YOUR GOAL: Reproduce the data exactly and drop any pictures it holds.
(AVAILABLE RECORDS Opens)
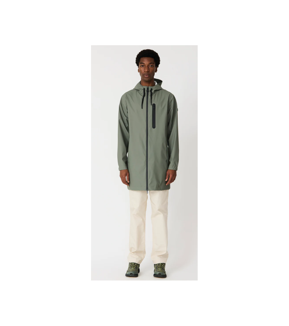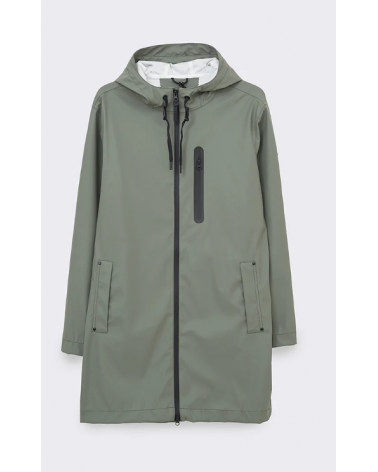 Chaqueta kaki impermeable larga costuras selladas bolsillo pecho TANTA
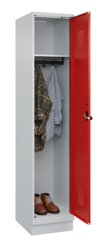 Je Abteil ein festverschweisster Hutboden und darunter eine Kleiderstange mit 3 verdrehsicheren Doppelschiebehaken
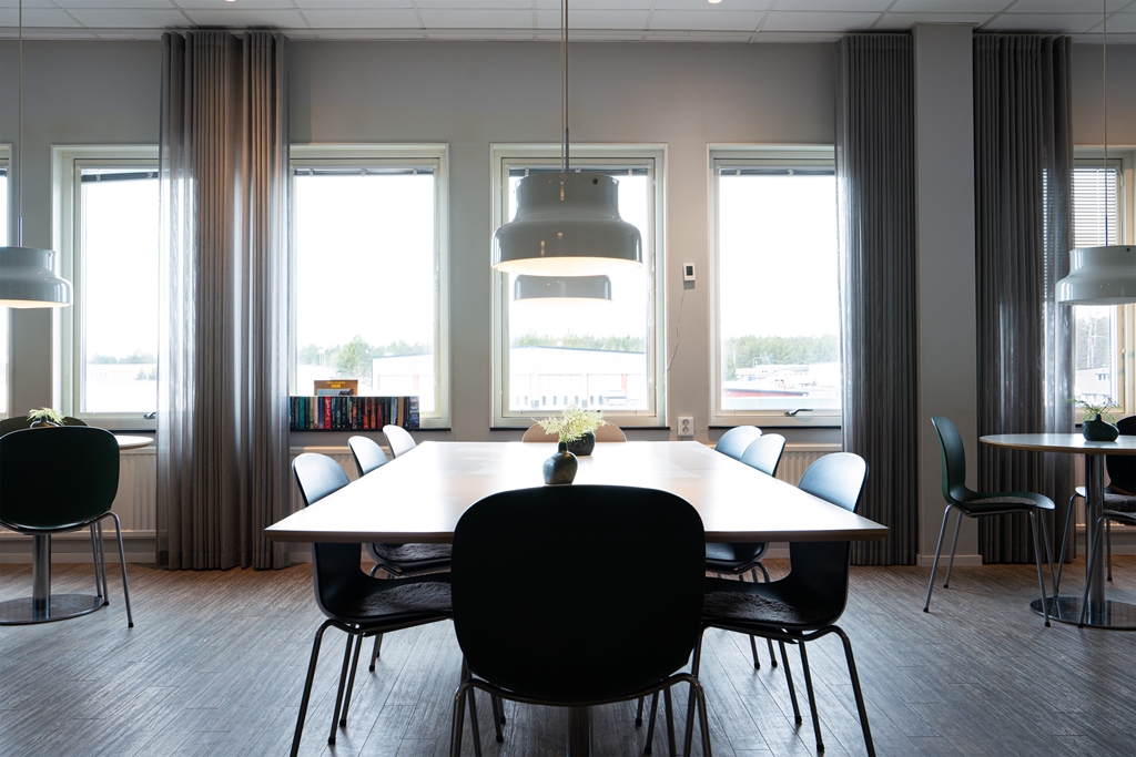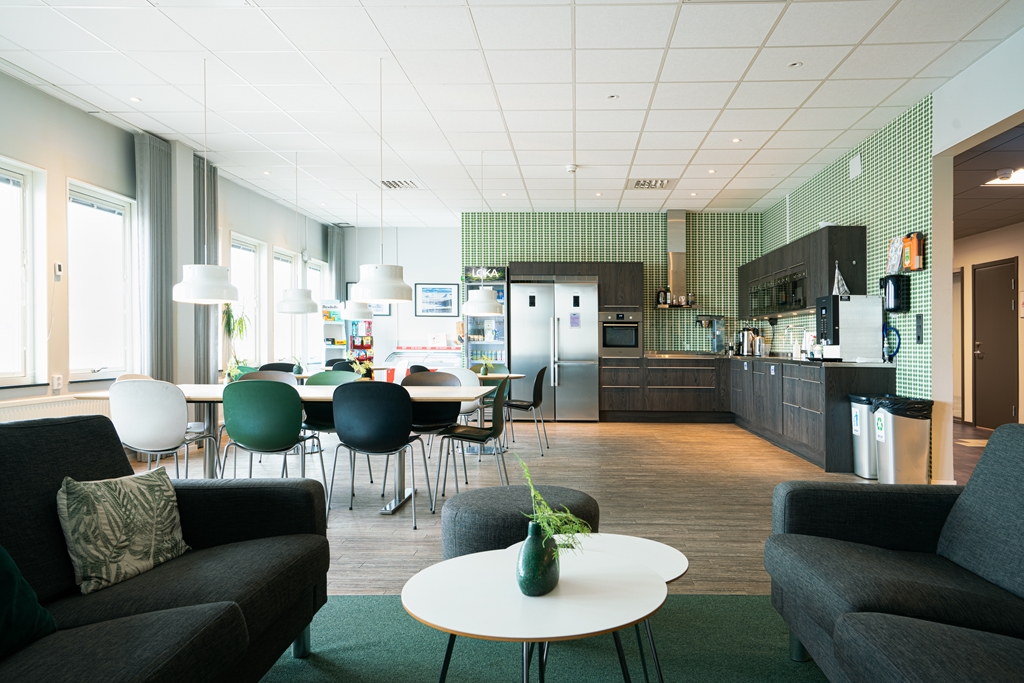 I direkt anslutning till kontorsytan finns gemensamt kök, fikarum, wc och konferensrum tillgängligt.
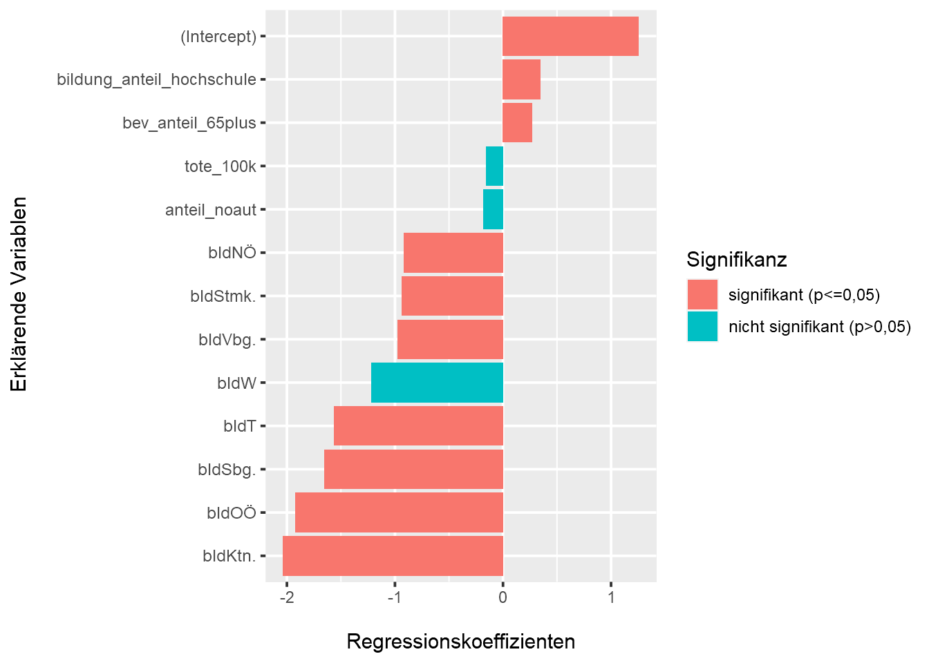 Jep, da wir ja nur n-1 Dummy-Codes nutzen um die Bundeslandzugehörigkeiten der Bezirke abzubilden. Im Fall von Eisenstadt (Stadt) heißt das, dass sich R dazu entschieden hat, das erste Level des Faktors “bld” (= “Bgld.”) als Linearkombination der restlichen acht Levels dieses Faktors zu interpretieren. Die Logik dahinter: Wenn ein Bezirk nicht zu den acht Bundesländer Kärnten bis Wien gehört, muss er zwangsweise ein burgenländischer Bezirk sein.
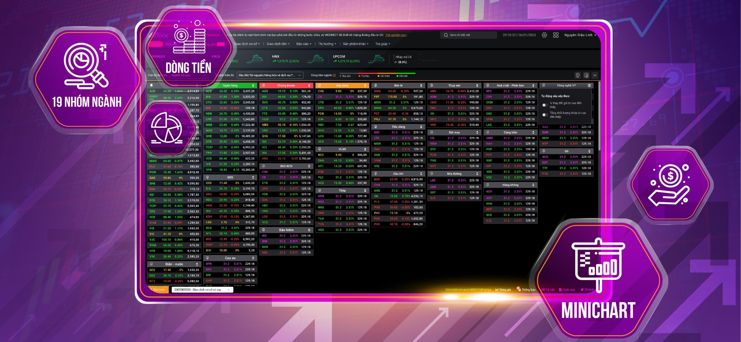 Với định vị “Trí tuệ công nghệ – giao dịch nhà nghề”, hiện nay VNDIRECT đã ra mắt bảng giá mini tích hợp ngay trên bảng giá chứng khoán giao dịch nhà nghề của VNDIRECT, giúp nhà đầu tư theo dõi 19 ngành lớn cùng một lúc và trên cùng một giao diện, tiết kiệm thời gian tạo danh mục mà còn có góc nhìn toàn cảnh diễn biến dòng tiền của các ngành nhanh chóng.
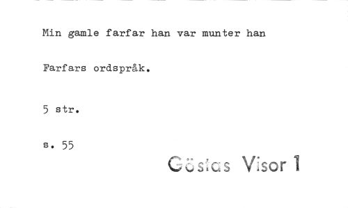 //// Min gamle farfar han var munter han //// Farfars ordspråk. //// 5 str. //// se 55 //// s 'V:sor 1 ////
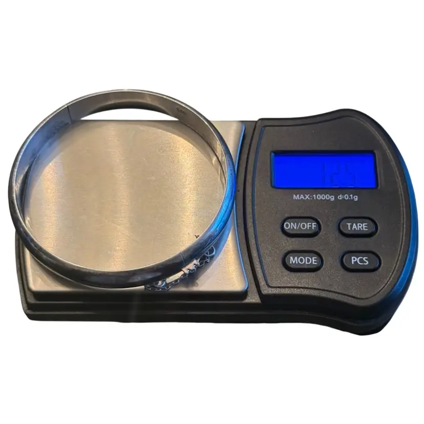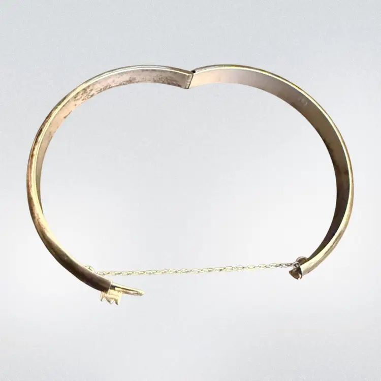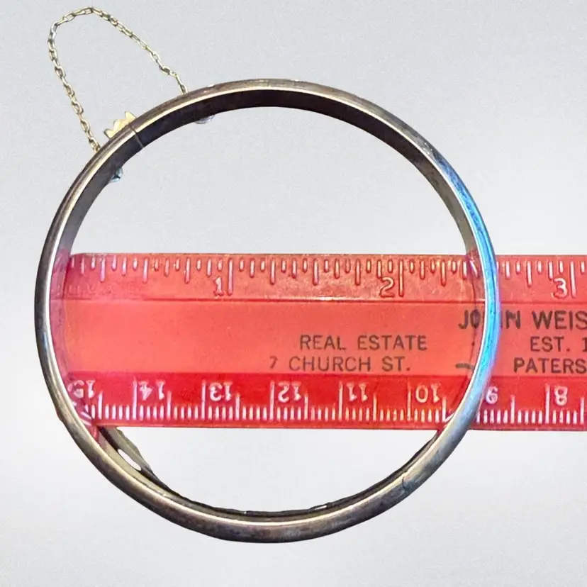 Vintage Sterling Silver Hinged Bangle w/ Safety Chain 2.5” Inner Diameter, 12.5g
(AVAILABLE RECORDS Closes)
RESULT BELOW:
 Chaqueta kaki impermeable larga costuras selladas bolsillo pecho TANTA
 Je Abteil ein festverschweisster Hutboden und darunter eine Kleiderstange mit 3 verdrehsicheren Doppelschiebehaken
 I direkt anslutning till kontorsytan finns gemensamt kök, fikarum, wc och konferensrum tillgängligt.
 Jep, da wir ja nur n-1 Dummy-Codes nutzen um die Bundeslandzugehörigkeiten der Bezirke abzubilden. Im Fall von Eisenstadt (Stadt) heißt das, dass sich R dazu entschieden hat, das erste Level des Faktors “bld” (= “Bgld.”) als Linearkombination der restlichen acht Levels dieses Faktors zu interpretieren. Die Logik dahinter: Wenn ein Bezirk nicht zu den acht Bundesländer Kärnten bis Wien gehört, muss er zwangsweise ein burgenländischer Bezirk sein.
 Với định vị “Trí tuệ công nghệ – giao dịch nhà nghề”, hiện nay VNDIRECT đã ra mắt bảng giá mini tích hợp ngay trên bảng giá chứng khoán giao dịch nhà nghề của VNDIRECT, giúp nhà đầu tư theo dõi 19 ngành lớn cùng một lúc và trên cùng một giao diện, tiết kiệm thời gian tạo danh mục mà còn có góc nhìn toàn cảnh diễn biến dòng tiền của các ngành nhanh chóng.
 //// Min gamle farfar han var munter han //// Farfars ordspråk. //// 5 str. //// se 55 //// s 'V:sor 1 ////
 Vintage Sterling Silver Hinged Bangle w/ Safety Chain 2.5” Inner Diameter, 12.5g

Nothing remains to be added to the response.